Qing Ming Festival-清明節

Qing Ming Festival-清明節

Qing Ming Festival is when Chinese people visit the graves or burial grounds of their ancestors.

Qing Ming has a tradition stretching back more than 2,500 years. Its origin is credited to the Tang Emperor Xuan Zong in AD 732. Wealthy citizens in China were reportedly holding too many extravagant and ostentatiously expensive ceremonies in honor of their ancestors. Emperor Xuan Zong, seeking to curb this practice, declared that respects could be formally paid at ancestors' graves only on Qing Ming. The observance of Qing Ming found a firm place in Chinese culture and continued since Ancient China.

Celebration

“The Qing Ming Festival is an opportunity for celebrants to remember and honor their ancestors at grave sites. Young and old paying respect before their ancestors, sweep/clean the tombs and offer food, tea, wine, joss accessories to the ancestors. The rites have a long tradition in Asia, especially among farmers. Some people carry willow branches with them on Qing Ming or put willow branches on their gates and/or front doors. They believe that willow branches help ward off the negative entities that wander around during Qing Ming period.

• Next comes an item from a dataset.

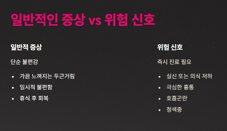 특히 갑작스러운 실신, 극심한 피로감, 운동 중 호흡 곤란이 나타나는 경우, 즉시 병원을 방문해야 합니다. 이는 심장의 펌프 기능 이상과 관련된 심각한 신호일 수 있습니다.

On Qing Ming, people go on family outings, start the spring plowing, sing, and dance. Another popular thing to do is to fly kites in the shapes of animals or characters from Chinese opera. Another common practice is to carry flowers instead of burning paper, incense or firecrackers. The Qing Ming Festival in South East Asia or Singapore normally starts early (10 days before and 10 days after the Actual Day, which is being marked on the Calendar on 5 April every year [plus minus 1 day]) by paying respect to distant ancestors from China at home altars or the visiting of the graves of close relatives. Some follow the concept of Filial Piety to the extent of visiting the graves of their ancestors in China.

Traditionally, the family will burn paper money and paper replicas of material goods such as cars, homes, phones and paper servants. In Chinese culture, it is believed that people still need all of those things in the afterlife. Then family members start take turns to kowtow three to nine times (depending on the family adherence to traditional values) before the tomb of the ancestors. The Kowtowing ritual in front of the grave is performed in the order of patriarchal seniority within the family. After the ancestor worship at the grave site, the whole family or the whole clan feast on the food and drink they brought for the worship either at the site or in nearby gardens in the memorial park, signifying family reunion with the ancestors.